___ Input records ___

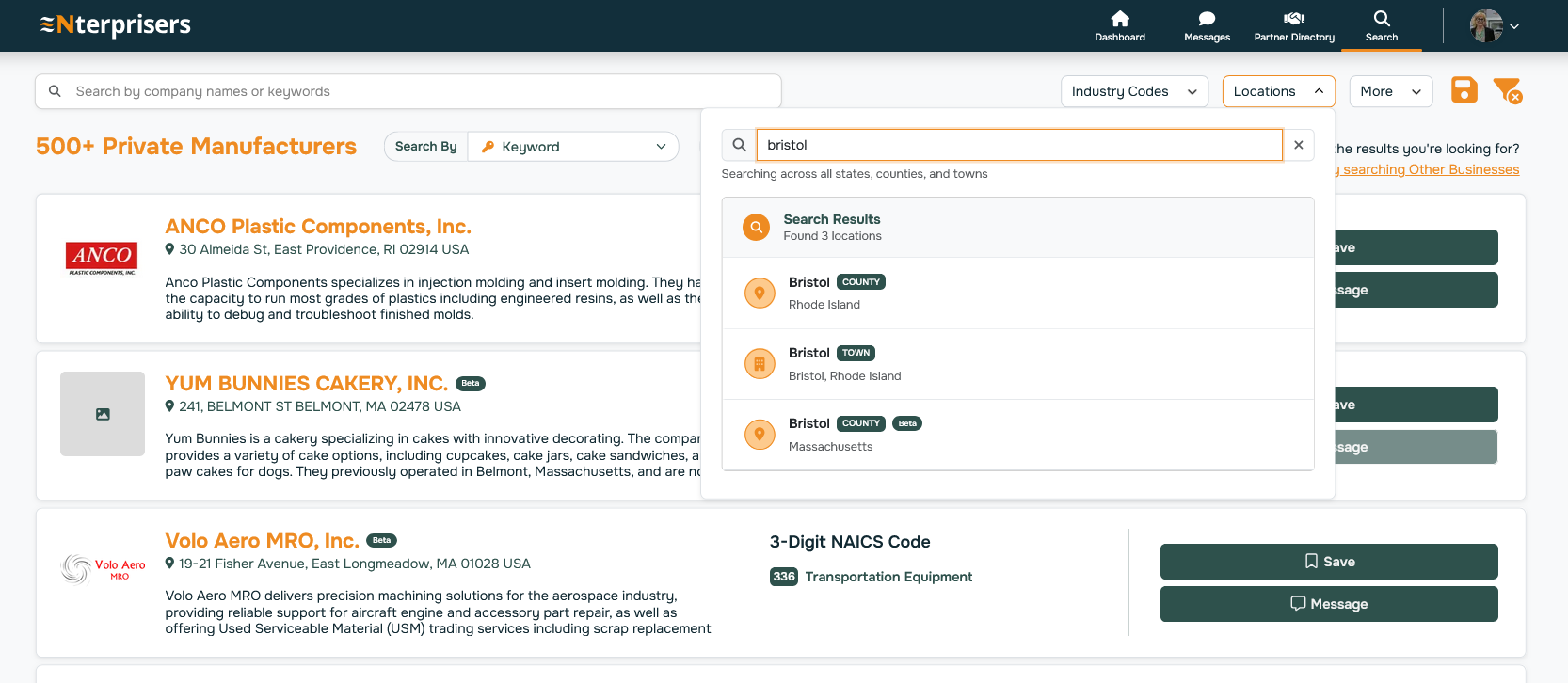 The biggest news this week is the expansion of the Nterprisers dataset to include Massachusetts manufacturing companies. Users can now choose Massachusetts from the dropdown Location filter and see beta data for the Bay State. Choose Search from the main menu to try it yourself!
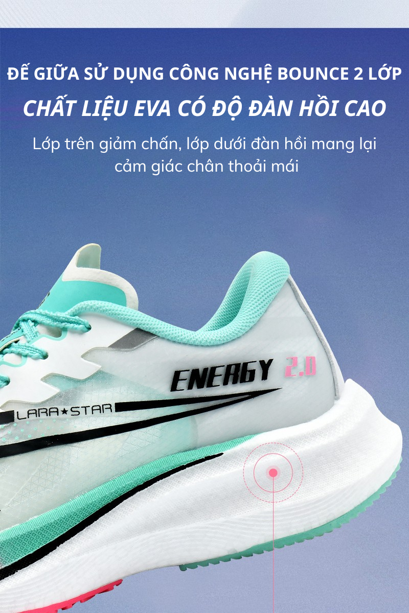 [GIÁ TỐT] Giày Chạy Bộ Thể Thao Lara Star Energy 2.0 LS1037 Siêu Nhẹ,Thoáng Khí, Tấm Đẩy PeBax
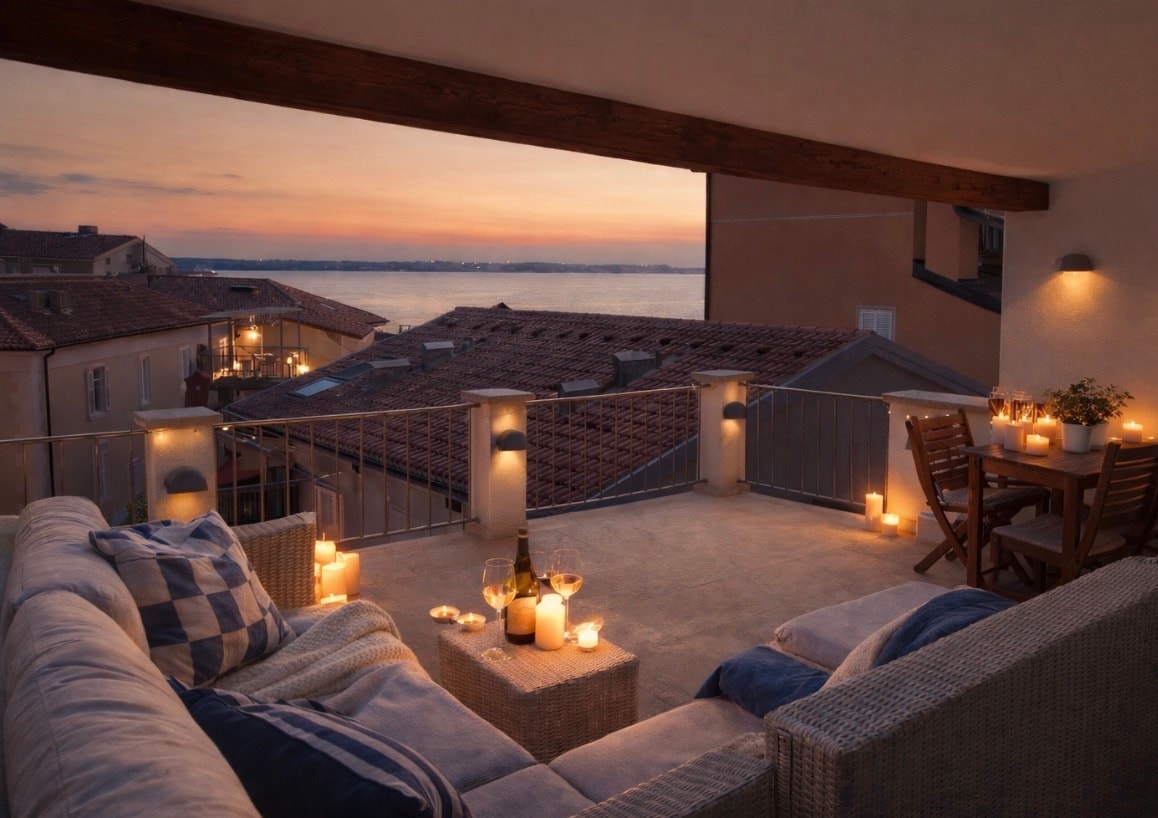 The location of the property has an exceptional position with the terrace on the roof. On the balcony of rising and setting sun, you could admire an infinte 360° view of outstanding beauty over Piran and sea. It has open wide space with kitchen, a living room with sofa, a bedroom with comfortable double bed, a bathroom with a shower – bath and toilet. It is a romatic ambient, stylishly decorated, an ideal choice for two persons in love. It makes a feeling of spaciousness and brightness.
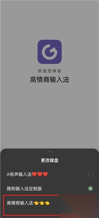 3、接着在下发会弹出一个对话框点击【高情商输入法】;
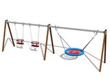 The swing is hung on a metal girder using galvanized chains. The "Bird's Nest" seat is made from polypropylene rope with heavy duty fibres. The hanging ropes are made using HERKULES material (16 mm thick ropes made from polypropylene with a steel internal core). The Baby seat baby is made of rubber and is reinforced with an aluminum insert. All fastening material is galvanized or stainless steel.
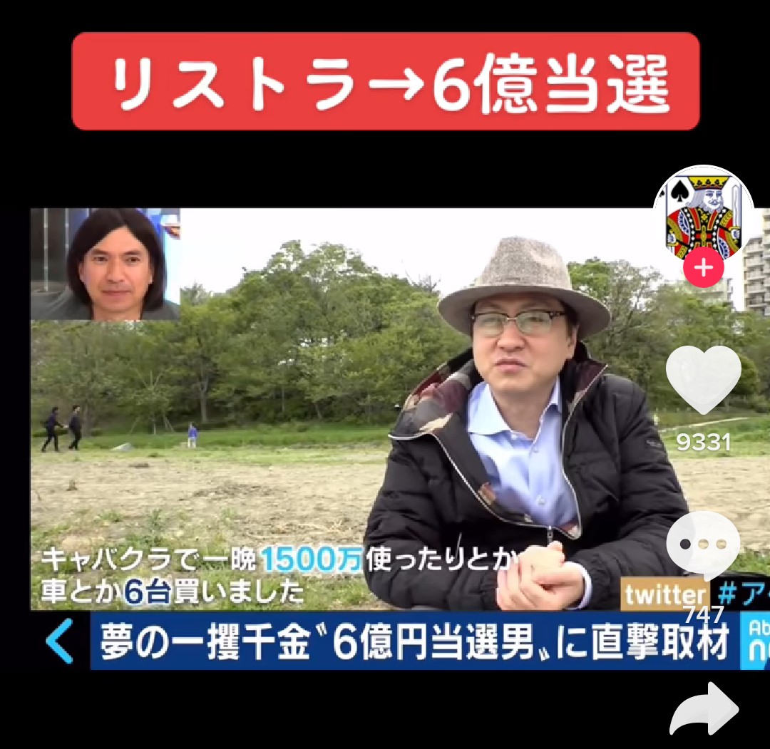 ホーム > ニュースetc > 【画像】宝くじ6億当選おじさん、キャバクラで一晩1500万の豪遊&高級車6台購入 2021/11/01 1:以下、?ちゃんねるからVIPがお送りします:2021/10/31(日) 20:31:11.642 ID:G6aLzVYG0.net 金どう使えばいいのか分からなかったんだろうな w w w 2:以下、?ちゃんねるからVIPがお送りします:2021/10/31(日) 20:31:45.302 ID:mPcl2ddAa.net アホだろ死ねよ 続きを読む Source: ラビット速報 - ニュースetc
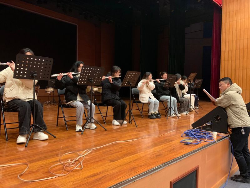 同学们初入团时,对乐器演奏几乎一无所知,但凭借着对音乐的热爱和不懈的努力,在短短一学期内实现了令人瞩目的成长。在考核现场,梁宇老师认真聆听每一个声部的演奏,同学们对从最初的气息都难以掌控,到能够较为流畅地吹奏简单旋律,克服了嘴唇振动和指法配合的难题,尽管音色尚显稚嫩,但每个音符都倾注了他们的专注与执着。
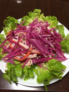 太めの千切りにしてカニカマとあえてみたら・・
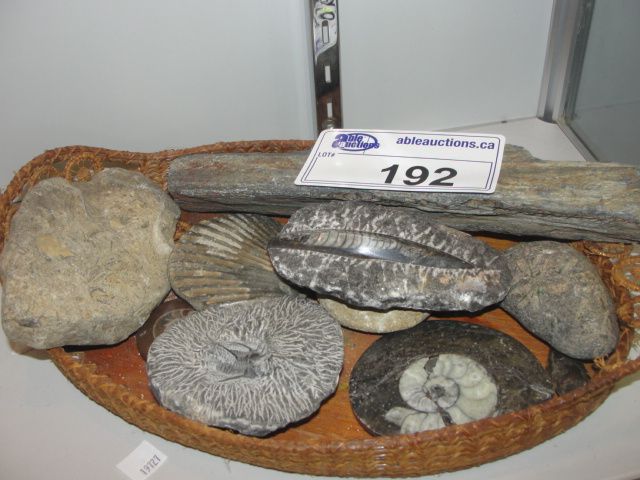 BASKET OF ASSORTED GEOLOGICAL ROCKHOUND COLLECTORS FOSSILS
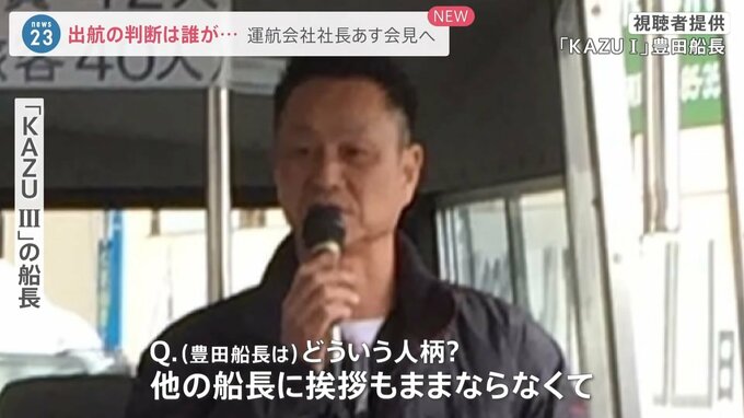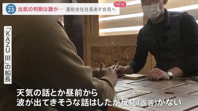 「もちろん(KAZU Iの豊田)船長とは朝、話をしました。天気の話とか昼前から波が出てきそうな話はしたが反応がなかった。天気予報をちゃんと確認してないのかなという印象は受けました」
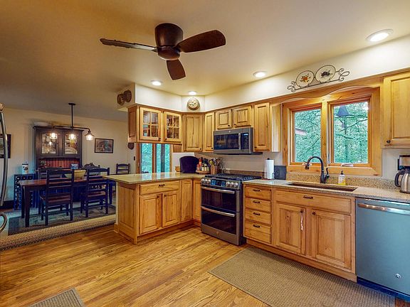 Looking for your own wooded retreat? You're going to love the privacy of this beautiful home on 2.4 Acres with large outbuilding. The home features a two story family room with stacked stone fireplace, & hardwood floors. Just off family room is the completely updated chefs kitchen with custom wood cabinets, quartz countertops, copper sink and stainless appliances. Nice sized dining room off kitchen with access to this amazing Cedar screened porch. Two of the bedrooms are on the main floor and separated by and updated full bath with porcelain tile. The Master suite is located on the 2nd floor and features a small balcony overlooking the back yard. The basement is finished with a huge recreation room area with a pellet stove. There's even a great work from home office, full bath and laundry room. You'll love enjoying the views off either of the two patios overlooking the professionally installed Koi pond with small stream. The outbuilding is perfect man cave/ workshop with partially finished 2nd floor. There's plenty of room for storage in the 2 car garage and additional parking area for trailers or an RV. The sellers have made many improvements over the years including Hardie board siding, low e Hurd windows, custom trim and doors and more.. come check out this amazing property!
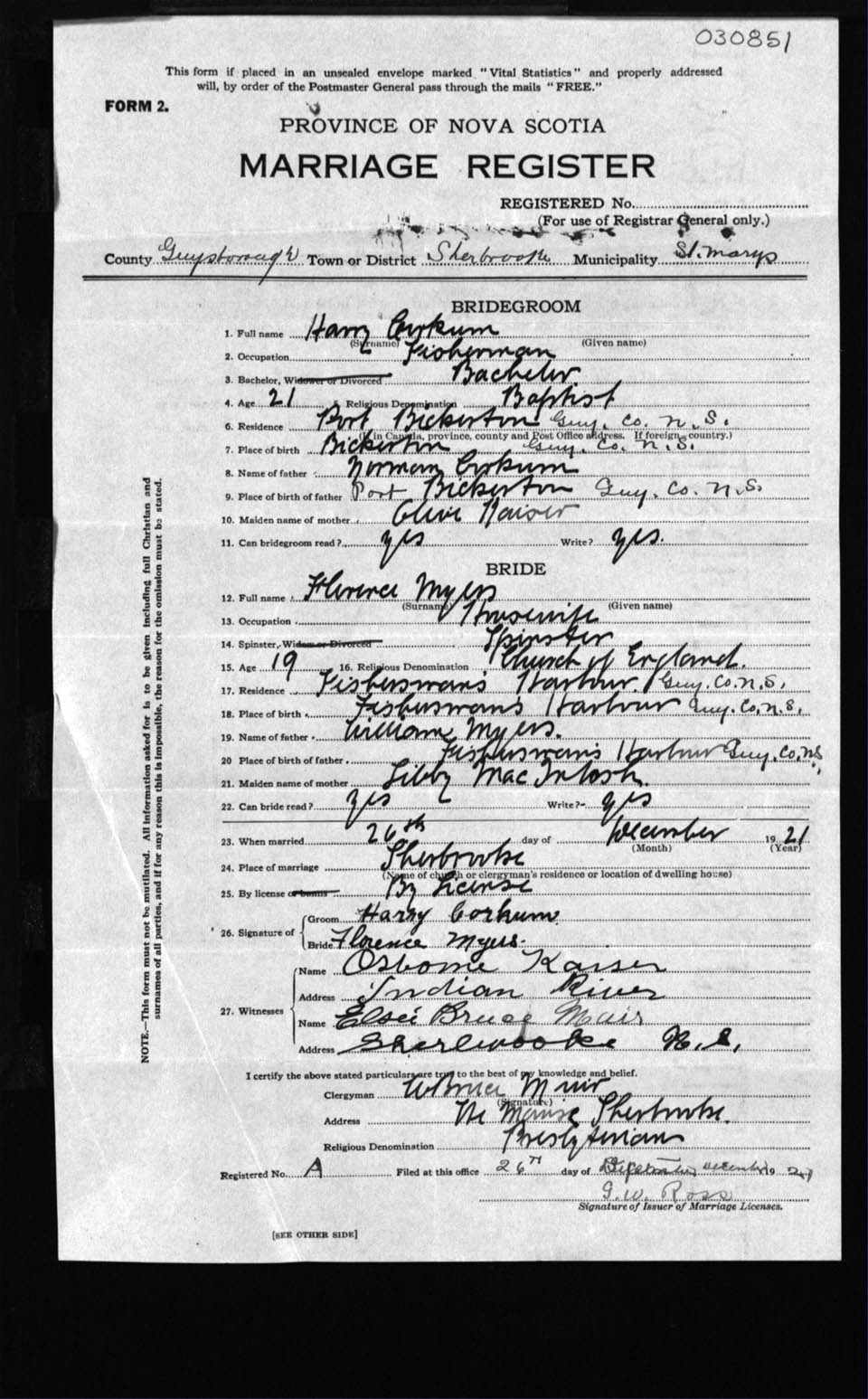 Registration: Year: 1921 number: 30851

___

The line with "[GIÁ TỐT] Giày" ends the range, and the first line of the data begins it; repeat exactly those lines and nothing more, omitting pictures.

Solution for this problem:
 The biggest news this week is the expansion of the Nterprisers dataset to include Massachusetts manufacturing companies. Users can now choose Massachusetts from the dropdown Location filter and see beta data for the Bay State. Choose Search from the main menu to try it yourself!
 [GIÁ TỐT] Giày Chạy Bộ Thể Thao Lara Star Energy 2.0 LS1037 Siêu Nhẹ,Thoáng Khí, Tấm Đẩy PeBax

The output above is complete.